Глядя в окно на лавандовое поле, по которому время от времени пробегали волны долетавшего с побережья ветерка, Эмилия почувствовала наконец желанное умиротворение. Как всегда, созерцание природы успокаивало все её тревоги, все смятения – и уже не хотелось думать ни о чём-то необъяснимо грустном, ни о горьком... Оставалось лишь одно желание: благодарить Создателя за новый день, за вечную красоту окружающего мира, за бесценный дар жизни...
Улыбнувшись юному дню, который разливался за окном розовой зарёй, Эмилия вышла из своей комнаты.
По бокам узкого коридора – дверь против двери – находились две комнаты: одна из них была отведена Эмилии, хозяйкой другой была мадам Николь. Тихонько приоткрыв дверь в комнату тёти, Эмилия увидела, что больная всё ещё спит, и, успокоенная, спустилась по лестнице на нижний этаж. Девушка собиралась пройти на кухню и распорядиться насчёт завтрака, но, проходя мимо гостиной, задержалась.
В глубоком кресле, обитом пунцовым, в мелких розочках, гобеленом, сидел незнакомый мужчина. Хотя на первый взгляд ему можно было дать лет сорок, у него не было ни одного седого волоска. Первые лучи солнца, проникая сквозь щель между портьерами, падали на его загорелое лицо. Эмилии подумалось, что прежде она никогда не видела такого лица: оно выражало одновременно суровость и одухотворённость, а каждая чёрточка в нём говорила о благородстве и страстности натуры. Глядя на это лицо, Эмилия подумала, что оно может принадлежать лишь человеку необыкновенному, совершенно особенному.
Мужчина спал, и Эмилия могла любоваться им, не смущаясь. И чем дольше, чем пристальнее она вглядывалась в его лицо, тем сильнее становилось её волнение. Внезапно она поняла, что уже знакома с этим человеком, только не сразу узнала его. За пять лет своего отсутствия на Ратисе граф Филипп де Монфор заметно изменился. Мускулы его сильного тела раздались, вероятно, от частой верховой езды или постоянных физических нагрузок; он стал широкоплечим; кожа обветрилась и огрубела как у человека, который большую часть жизни проводит под палящим солнцем и проливным дождём. На лбу, когда-то белом и гладком, как у истинного аристократа, появились морщины, и теперь он был почти бронзовым от загара.

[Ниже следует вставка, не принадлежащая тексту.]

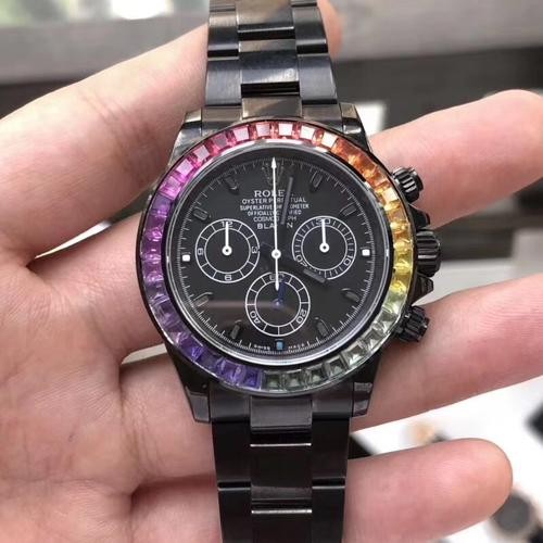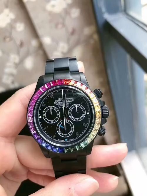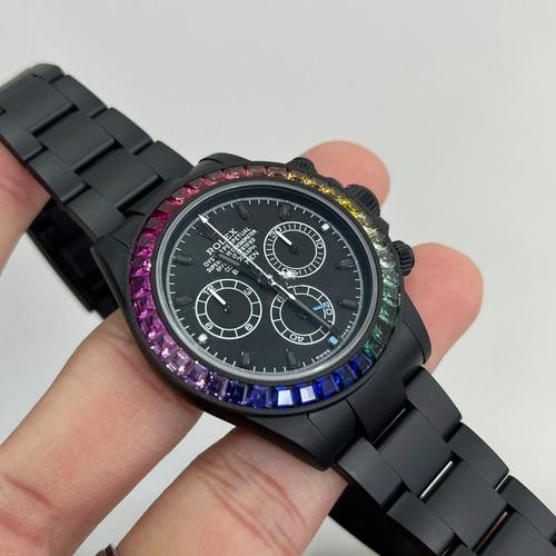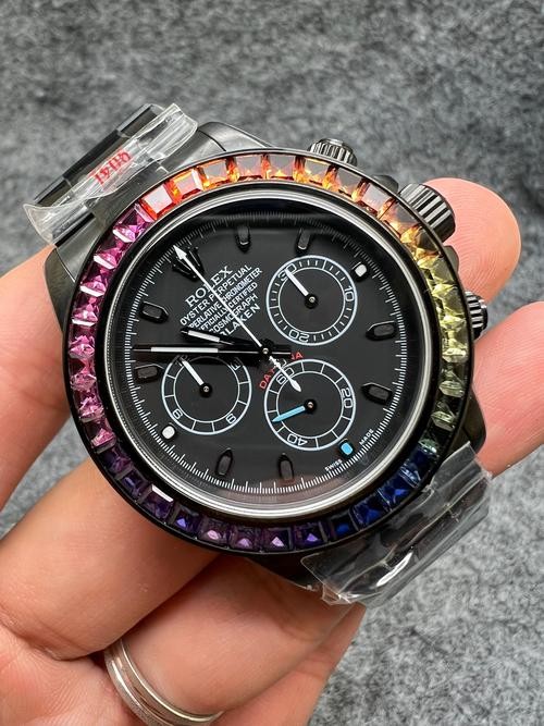 The detailing on this Daytona replica is impressive—especially the gem settings. The black dial contrasts perfectly with the rainbow accents. Wears comfortably and looks luxurious!

Неожиданно, словно ощутив на своём лице долгий изучающий взгляд девушки, мужчина открыл глаза. И когда взгляд этих тёмно-серых, подёрнутых дымкой, глаз встретился с взглядом Эмилии, девушка вдруг почувствовала сильный толчок в груди, после чего её дыхание стало прерывистым.
- Если бы я не знал, что в этом доме живёт шалунья, которая когда-то доставляла мне столько хлопот, ни за что не узнал бы её в вас, мадемуазель, - с улыбкой произнёс Филипп вместо традиционнного приветствия. У него был мягкий, будто ласкающий голос, какой неизменно располагает случайного собеседника к задушевной беседе.
Залившись краской смущения, застигнутая врасплох (как если бы она разглядывала нечто запретное), Эмилия быстро повернулась и, не произнеся ни слова в ответ, выскочила обратно в коридор.
Девушка выбежала из дому через боковую дверь и помчалась по дорожке, которая вела к морю. Вскоре она очутилась на берегу, в той его части, где море, заключённое в объятия скал, образовало тихую лагуну. Здесь всегда было безветрено, изредка тишину нарушали лишь чайки, прилетавшие отдохнуть на утёсах. Это было любимое место Эмилии; здесь она чувствовала себя в полном уединении, здесь она предавалась мечтам. За мысом находился прекрасный песчаный пляж, но девушка предпочитала ему свой безлюдный и немного дикий уголок.
Эмилия отдышалась: но не после быстрой ходьбы, а скорее после пережитого ею волнения. Теперь она сидела на камне, обхватив колени руками, и глядела на горизонт, где голубое безоблачное небо соприкасалось с синей гладью моря. Тихие волны шуршали галькой.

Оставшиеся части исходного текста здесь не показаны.